# Serverstatus runes of magic



## Casseiopeia (6. März 2009)

Wo kann man den aktuellen Serverstatus von Runes of magic?


----------



## Yiraja (6. März 2009)

ich nehme mal an auf der offiziellen homepage oda im loader 


			Dieser Inhalt steht nur eingeloggten Mitgliedern zur Verfügung.


----------



## Die Sula (6. März 2009)

Hmmm .... Google.de .......

Gleich das erste Suchergebniss

http://rom.onlinewelten.com/news,id439,ser...us_monitor.html


----------



## Shinria (6. März 2009)

oder auch ganz neu! Bei Buffed.de rechts... http://romdata.buffed.de/


----------



## Die Sula (6. März 2009)

oh cool buffed hat das ja auch jetzt stimmt


----------



## Aerozol (1. Oktober 2009)

Der Threat ist schon nen bissi länger offen. Wollt mich aber trotzdem nochma drinn verewigen ^^

Zu dem Thema habe ich einen Aktuellen Beitrag im Offiziellen Forum. Siehe hier

http://forum.runesofmagic.com/showthread.php?t=87211

So long Aerosol


----------



## jlij (7. Oktober 2009)

[url="http://serverstatus.tk/"]http://serverstatus.tk/
[/url]


----------



## Neferatix (9. Oktober 2009)

Was nützt mir diese Funktion? Nichts.

Ich war total baff, als ich vorhin auf den Server wollte,auf dem sich mein neuer Charakter befindet, der war nämlich voll. Ebenso fast alle anderen Server, bis auf einen glaub ich. Als ich mich dort einloggen wollte, hatte ich keinen Zugriff auf meinen Charakter.
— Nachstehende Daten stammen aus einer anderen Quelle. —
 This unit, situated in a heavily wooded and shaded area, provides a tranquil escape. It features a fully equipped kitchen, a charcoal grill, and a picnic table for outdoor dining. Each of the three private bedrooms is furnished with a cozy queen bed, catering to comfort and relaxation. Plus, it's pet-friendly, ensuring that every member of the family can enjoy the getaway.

Ich bin echt enttäuscht und sauer. Ich sehe ja schon voraus, dass abends und an den WE, wenn ich Zeit habe, kaum ein Spielen möglich ist, weil die Server voll sind.

Was nützt mir dann das grüne Lämpchen in der Statusanzeige? 
Dann müsste schon dabei stehen, ob der Server ausgelastet ist.

Gruß Nef.


----------



## Bibib (10. Oktober 2009)

Neferatix schrieb:


> Was nützt mir diese Funktion? Nichts.
> 
> Ich war total baff, als ich vorhin auf den Server wollte,auf dem sich mein neuer Charakter befindet, der war nämlich voll. Ebenso fast alle anderen Server, bis auf einen glaub ich. Als ich mich dort einloggen wollte, hatte ich keinen Zugriff auf meinen Charakter.
> 
> ...



Jo, hab das seit dem letzten Patch auch öfters gesehen, daß alle Channels als voll angezeigt werden. Bislang hat ein Einloggen aber immer einwandfrei funktioniert,ich tippe mal auf nen Bug, der nur volle Channels anzeigt, auch wenn noch genug Platz frei ist.
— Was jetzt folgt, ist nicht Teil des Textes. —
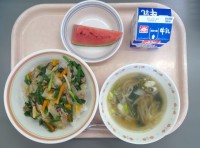 スタミナ丼、ビーフンスープ、すいか、牛乳
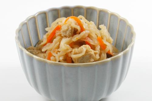 切干大根を人参、油揚げとともに炊きあわせた 薄味仕立ての 京のおばんざいです。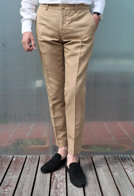 「SAKE」と人気を二分しているのが、インのツープリーツ、サイドアジャスト付きのベルトレスモデルの「SCOTCH」。優雅なシワを持つリネン素材やストライプ、チェックなどのクラシック柄なら、このモデルとの相性は良いはず。

Sowas kommt schnell mal vor, probiers einfach mal da,it, Dich trotzdem einzuloggen, wie gesagt, bei mir hats immer geklappt.

Gruß

Bibib aka Jillvina 


			Dieser Inhalt steht nur eingeloggten Mitgliedern zur Verfügung.


----------



## Aerozol (15. Oktober 2009)

Neferatix schrieb:


> Was nützt mir diese Funktion? Nichts.
> 
> Ich war total baff, als ich vorhin auf den Server wollte,auf dem sich mein neuer Charakter befindet, der war nämlich voll. Ebenso fast alle anderen Server, bis auf einen glaub ich. Als ich mich dort einloggen wollte, hatte ich keinen Zugriff auf meinen Charakter.
> 
> ...



Wie schon im Runes of Magic Forum geschrieben, gibt es derzeit leider keine möglichkeit den genauen Status der Server auszulesen. Wie man es von World of Warcraft gibt. Eine XML oder andere Art von Schnittstelle ist eben noch nicht verfügbar.

Sollte es eine geben werden diese Werte selbstverständlich mit in die Statusanzeigen einprogrammiert.  Siehe meine World of Warcraft Anzeigen, die dieses Wochenende Online gehen. Dort werden alle Informationen ausgelesen welche zur Verfügung stehen.

So long Aerosol


----------